Missouri and Evansville are engaging in an increasingly public battle over the offseason transfer of junior guard Dru Smith.
After a promising sophomore season in which Smith averaged 13.7 points and 4.6 assists per game for the Purple Aces, he opted to transfer to the Tigers when Evansville fired head coach Marty Simmons and replaced him with Walter McCarty.
Smith’s transfer to Missouri didn’t come as any sort of surprise. He was also expected to miss the 2018-19 season due to NCAA transfer rules. But when Missouri was granted an NCAA waiver that allowed another offseason transfer, guard Mark Smith from Illinois, to play right away, questions started to arise if Dru Smith (unrelated to Mark) might also be receiving a waiver to play this season.
On Monday, St. Louis Post-Dispatch columnist Ben Frederickson wrote a scratching column that directly accused Evansville of preventing Smith from receiving a waiver to play right away — citing a source close to Smith.
From Frederickson’s column:
Don’t blame the NCAA for this one.
The answer is Evansville.
The NCAA denied Mizzou’s initial attempt to secure a waiver for Dru Smith. A source close to the player confirmed Monday that Evansville did not cooperate with the waiver request. An Evansville spokesman declined to comment on the program’s stance. It was unclear Monday if Mizzou can challenge the NCCA ruling.
There is a lot of he-said, he-said going on between Mizzou and Evansville. That’s common in these situations. But the big picture seems clear. Evansville changed coaches because it wanted a fresh start, but it does not think Dru Smith deserves the same. The Purple Aces have planted a petty flag.
On Wednesday, Evansville responded to those accusations with a long public statement from athletics director Mark Spencer.

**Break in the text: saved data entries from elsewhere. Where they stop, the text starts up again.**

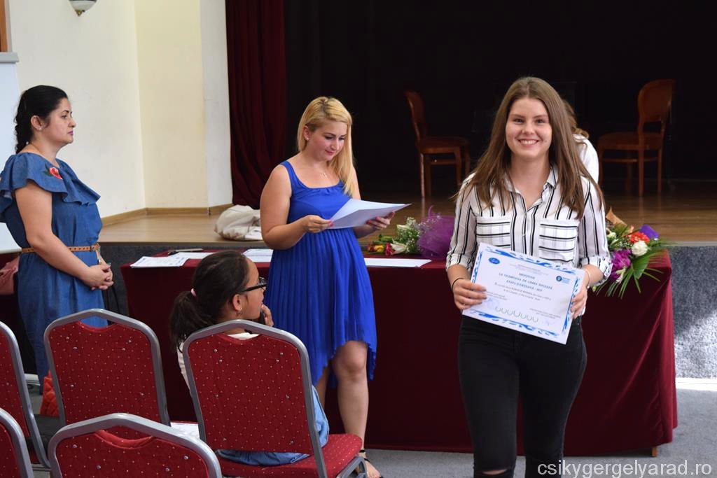Június 14-én, szerdán délben eredetileg a Városháza Ferdinánd-termében került volna sor többféle tantárgyverseny országos díjazottjainak gálájára. A Ferdinánd-terem azonban foglalt volt abban az időpontban, így a több száz diákot, pedagógust és érdeklődő szülőt a Moise Nicoară Főgimnáziumba irányították át. A gálán két csikys diák is jelen lehetett: Kurunczi Viktória (X. A), Rudolf Ágnes tanítványa, illetve Sallai Eszter (VII. o.), Nyári Andrea tanítványa. Mindketten a Mikes Kelemen Magyar Nyelv és Irodalom Tantárgyverseny országos szakaszán kaptak dicséretet. Az oklevélhez ott egy szerény – rendkívül szerény – pénzjutalom is járt. (A helyszínváltoztatás miatt, sajnos, Sallai Krisztináról és Nyári Andreáról egyáltalán nem készült fotó, Kurunczi Viktóriáról és Rudolf Ágnesről pedig csak átvett fotónk van – szerk. megj.) [Fotó: Kurunczi Ferenc, arq.ro]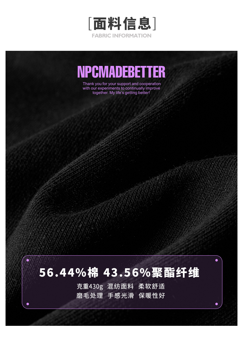 NPC潮牌口袋字母刺绣双面摇粒绒拉链衫男夹克双头拉链NP4BTJ07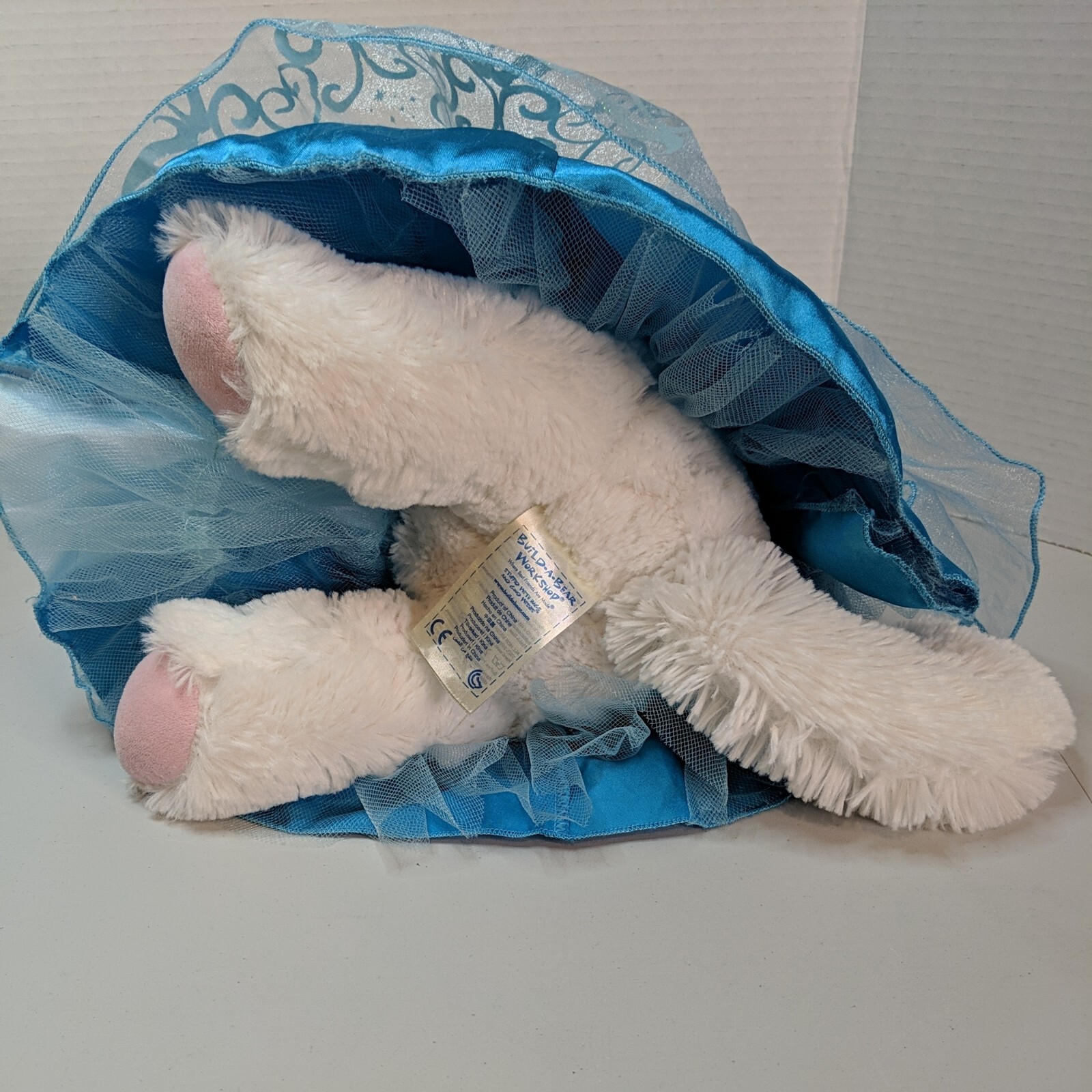 Build a Bear Cat 12 Plush White Kitten Stuffed Animal Blue Eyes Princess Dress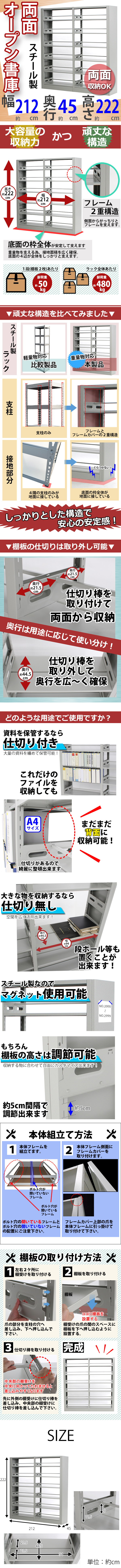 | 商品紹介 | ◇◇スチール製 両面オープン書庫◇◇ ◇頑丈なスチール製の両面オープン書庫です。 ◇資料を大量に保管出来るので仕事場でも大活躍! ◇フレーム2重構造でしっかりとした安定感。 ◇底面枠全体が接地するのでぐらつきません。 ◇錆びにくいのでお手入れも簡単です。 ◇素材:スチール ◇耐荷重:約25kg /(棚板1枚) 約480kg /(ラック全体) ◇重量:約103kg ※こちらの商品は、組立て式です。 (プラスドライバーとスパナ(10mm、12mm、14mm)をご用意下さい。) |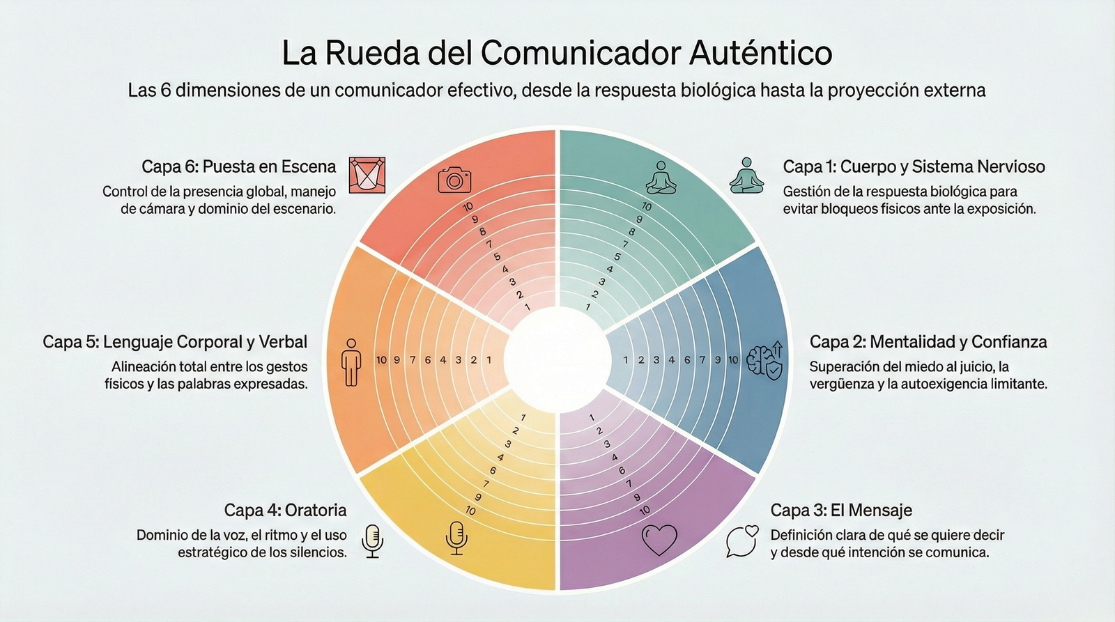 Su misión es clara: ayudarte a dominar tu mensaje para que puedas impactar, liderar y convertirte en un referente en tu sector a través de la comunicación delante de una cámara o en cualquier contexto presencial.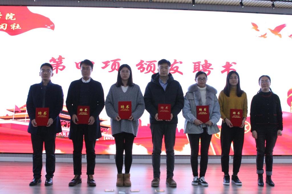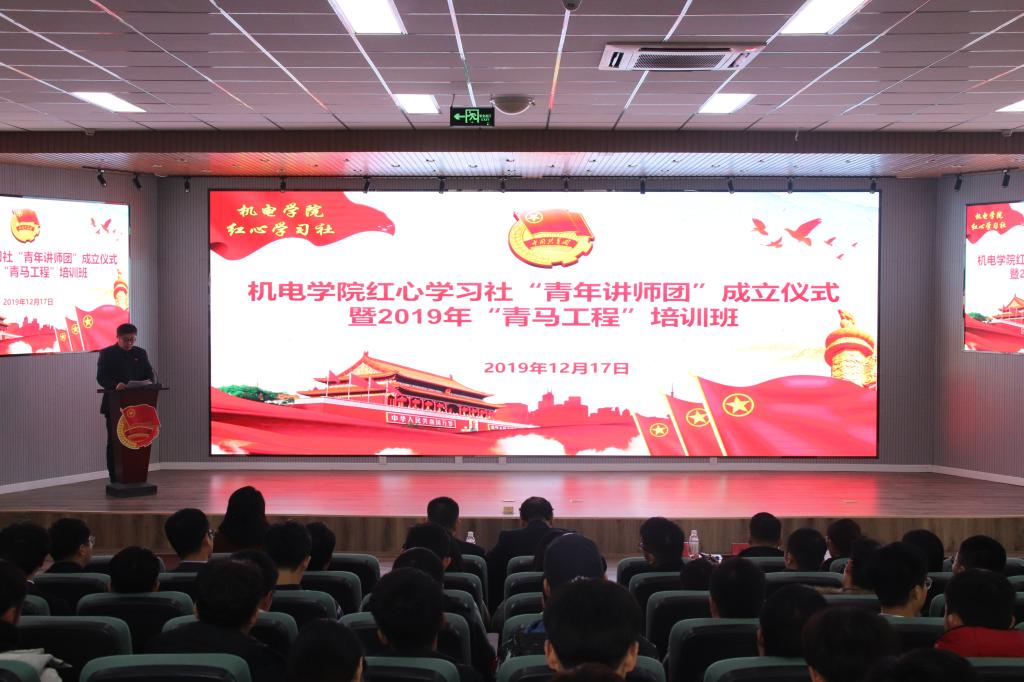 党旗所指,团旗所向。为深入贯彻党的十九届四中全会和共青团十八届三中全会精神,深入持续用习近平新时代中国特色社会主义思想引领凝聚青年,深入推进党的理论武装工作在青年领域的高质量发展。12月17日,在纪念pp电子习近平新时代中国特色社会主义思想“红旗学习社”、“红心学习社”成立两周年之际,pp电子举行pp电子“青年讲师团”成立仪式暨2019年“青马工程”培训班。学院党总支书记孙立军、院长何燕、校党委宣传部副部长王建民、校学生处副处长贺炜、校团委副书记张玉、学院党总支副书记兼副院长王伟等参加了仪式。活动由学院分团委书记兼学工办主任王作辉主持。
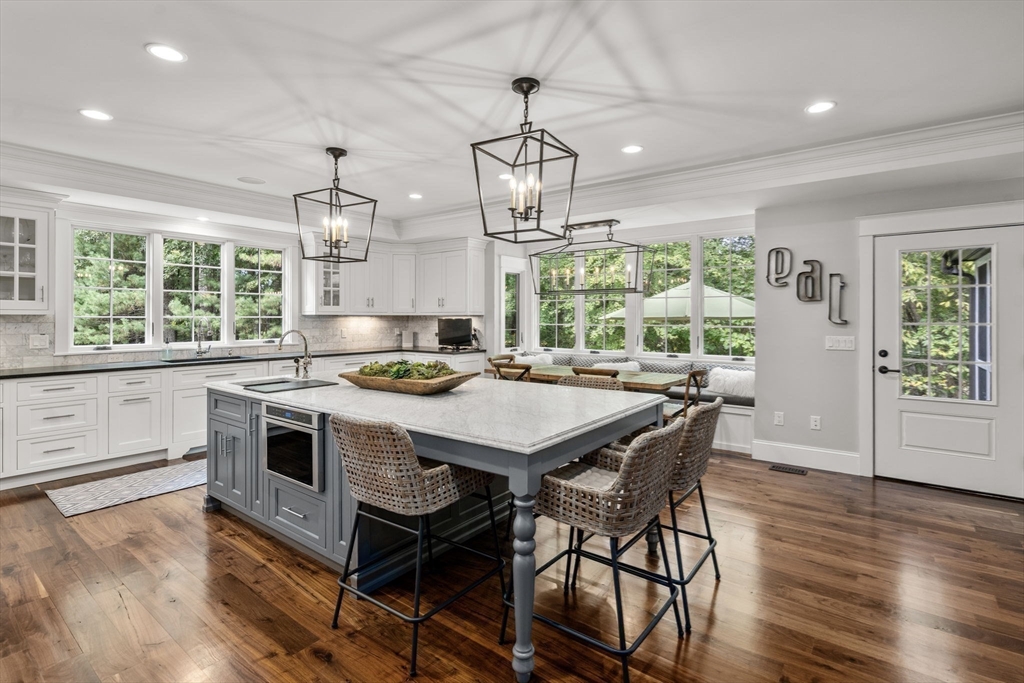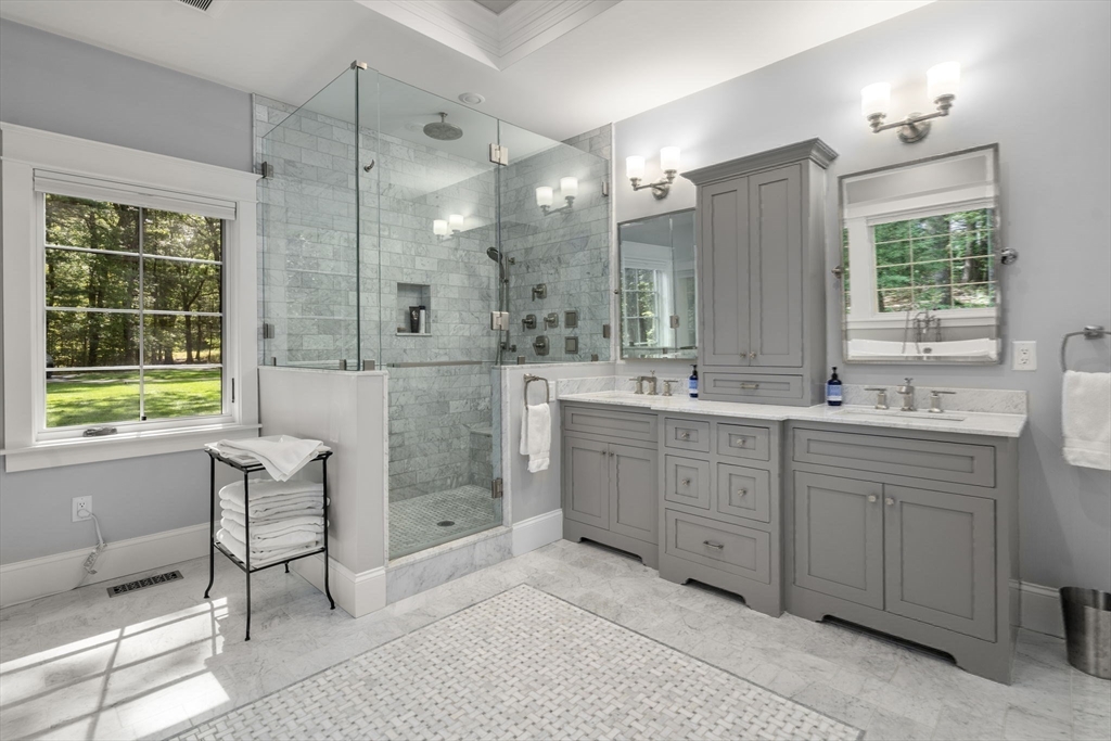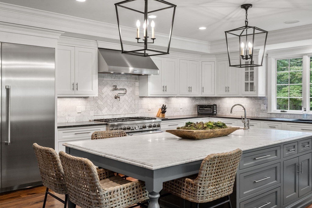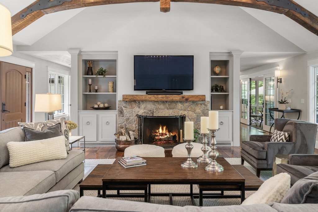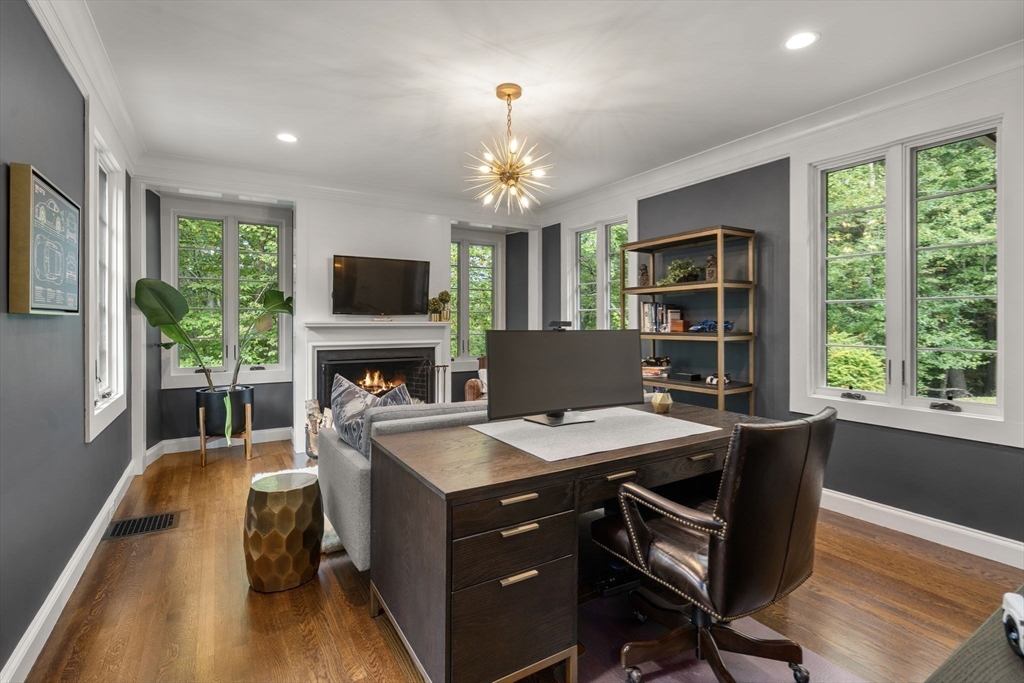European style meets modern luxury. Set back on a private lot is this much admired stone and stucco gem. The elegant center entrance court welcomes you to the fabulous main house which provides a stunning chef’s kitchen with center island and breakfast banquette, a coffered ceiling dining area, and screened porch with access to two private patios. The cathedral ceiling family room has custom wood beams, stone fireplace and a wet bar. From here is the private office with a fireplace and wooded views. The primary suite has a gas fireplace, sitting room, dressing area, two walk-in closets, and a luxurious spa-like bath. There are two additional bedrooms in the main house, as well as a lower level gym. The fabulous mud room in the main house has ample closets, a laundry, pantry and the second half bath. Across the circular drive is the guest cottage with the fourth bedroom, a stylish kitchen/living room and a full bath and laundry. A 6 car attached garage completes this rare opportunity!
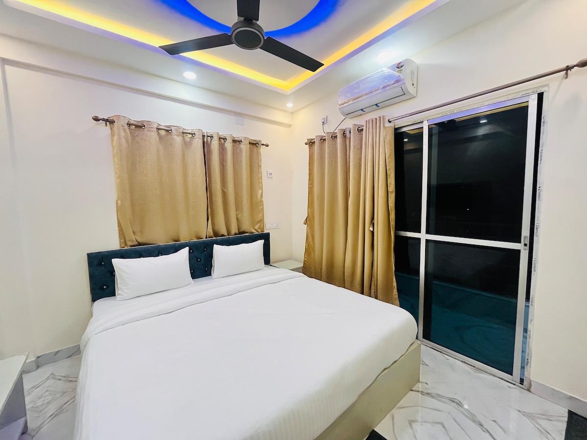 Comfortable 3-Bedroom Guest House Near Kolkata Airport Welcome to a peaceful and well-designed guest house located near Netaji Subhas Chandra Bose International Airport in Kolkata. This property offers three private bedrooms, each thoughtfully furnished with a comfortable bed, attached bathroom, and hot water, ensuring a relaxed and calm stay. The entire floor is dedicated to guests, making it ideal for families, small groups, or business travelers, comfortably accommodating up to 6 guests.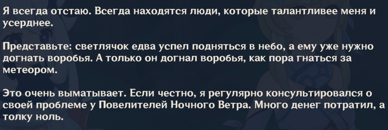 >>6354305 Помню его больше, чем всех нпс вышедших после второй половины сумеру. Все потому что я еще не догадывался какой слопер на сценаристе, жирный сяо, и был терпелив. Но мне кажется даж тогда мало кто читал этот квест.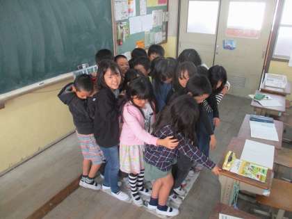 1平方メートルを実感するために用意した新聞紙。「何人乗れるかな」という言葉が子どもたちの心に火をつけたようで,教科書の人数を大きく上回る20人という記録が出ました。「先生,まだすきまある!」あくなき向上心に感服です。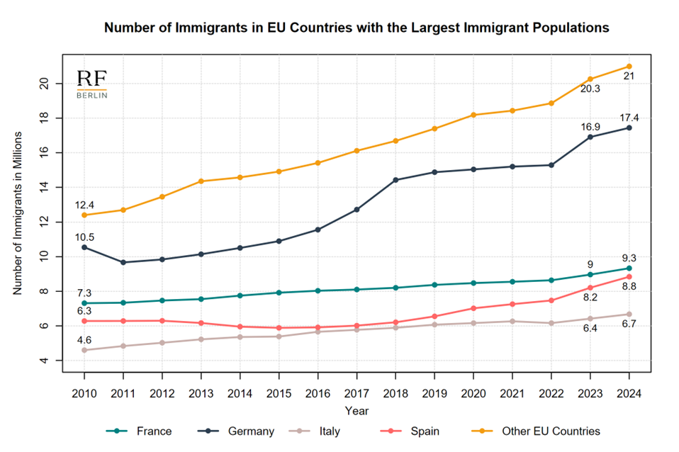 - Germany’s immigrant population rose from 16.9 million in 2023 to 17.4 million in 2024 (or from 20.3% to 20.9% of the population), confirming its role as the major destination in EU.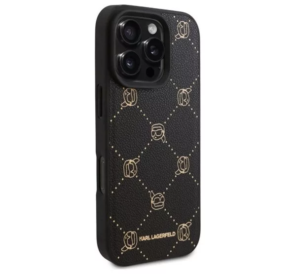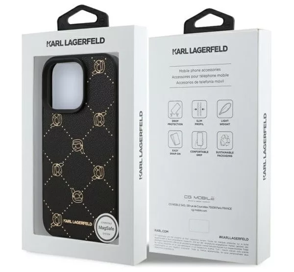Ez az elegáns tok biztosan felhívja magára a figyelmet szokatlan kialakításával. A központi motívum Karl Lagerfeld fejének finom körvonalai, egységes geometriai mintába rendezve, ami elegáns és modern jelleget kölcsönöz. A környezetbarát bőrből készült táskát a híres divatház alján elhelyezett logó díszíti tovább.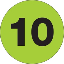 1" Circle - "10" (Fluorescent Green) Number Labels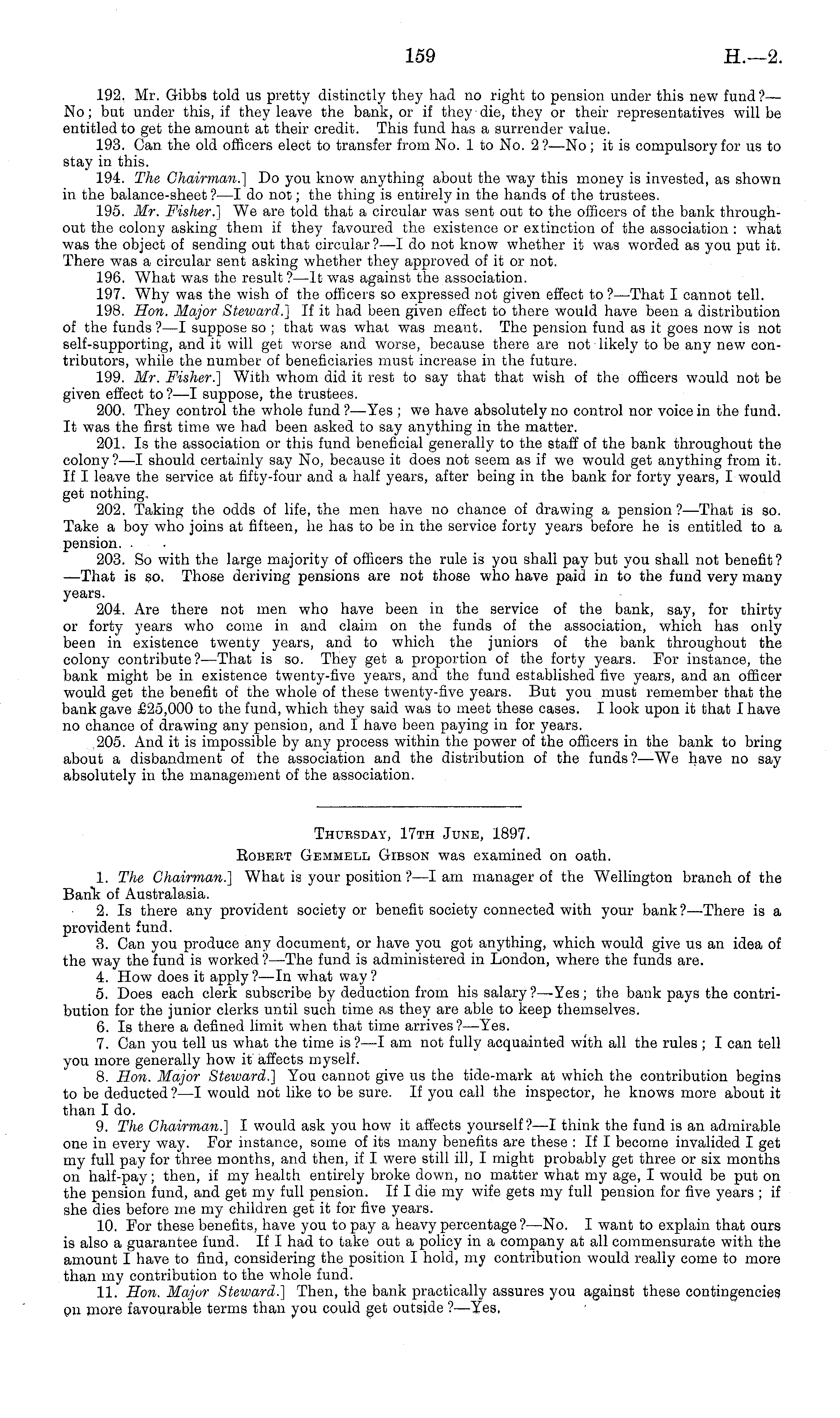 Thursday, 17th June, 1897. Eobert Gemmell Gibson was examined on oath. 1. The Chairman.] What is your position ?—lam manager of the Wellington branch of the Bank of Australasia. 2. Is there any provident society or benefit society connected with your bank?— There is a provident fund. 3. Can you produce any document, or have you got anything, which would give us an idea of the way the fund is worked? —The fund is administered in London, where the funds are. 4. How does it apply? —In what way? 5. Does each clerk subscribe by deduction from his salary?— Yes; the bank pays the contribution for the junior clerks until such time as they are able to keep themselves. 6. Is there a defined limit when that time arrives ?—Yes. 7. Can you tell us what the time is ? —I am not fully acquainted with all the rules ; I can tell you more generally how it affects myself. 8. Hon. Major Steward.] You cannot give us the tide-mark at which the contribution begins to be deducted ?—I would not like to be sure. If you call the inspector, he knows more about it than I do. 9. The Chairman.] I would ask you how it affects yourself?—l think the fund is an admirable one in every way. For instance, some of its many benefits are these :If I become invalided I get my full pay for three months, and then, if I were still ill, I might probably get three or six months on half-pay; then, if my health entirely broke down, no matter what my age, I would be put on the pension fund, and get my full pension. If I die my wife gets my full pension for five years ; if she dies before me my children get it for five years. 10. For these benefits, have you to pay a heavy percentage ? —No. I want to explain that ours is also a guarantee fund. If I had to take out a policy in a company at all commensurate with the amount I have to find, considering the position I hold, my contribution would really come to more than my contribution to the whole fund. 11. Hon. Major Steward.] Then, the bank practically assures you against these contingencies pn more favourable terms than you could get outside ?—Yes,

Spencer and the Purple Aces are claiming that they’ve cooperated with Missouri’s waiver request, but they also refuse to support inaccurate statements about Smith’s transfer.
Evansville is claiming that Missouri wanted the Purple Aces to admit in the waiver claim that they had “run off” Smith so that he didn’t have a place on the team thanks to the coaching change. Spencer denied the “run off” claims, stating that Smith, and all Evansville players, were properly notified about everything involving the coaching change while being given the opportunity to sign financial aid agreements for the future.
In the statement, Evansville also said that Smith emailed Spencer informing him of his decision to transfer on March 29th — six days after McCarty was hired. In the transfer email, Smith told Spencer his reason for leaving was, “mainly because the opportunities that I have are too hard to pass up.” Evansville also said that Smith was publicly supportive of the McCarty hiring when it happened.
Based on Evansville’s thorough response to Frederickson’s claims, it appears that they’ve been willing to help Missouri’s waiver process — but only if that process was truthful in their eyes. While Missouri is likely frustrated that they can’t get Smith eligible right away when they could use another point guard option, you also can’t fault Evansville for wanting to protect the integrity of their program.
It’ll be interesting to see if Missouri, or any Missouri-based columnists, respond to Evansville’s side of things.
For now, Smith is still scheduled to sit out the 2018-19 season based on NCAA transfer rules.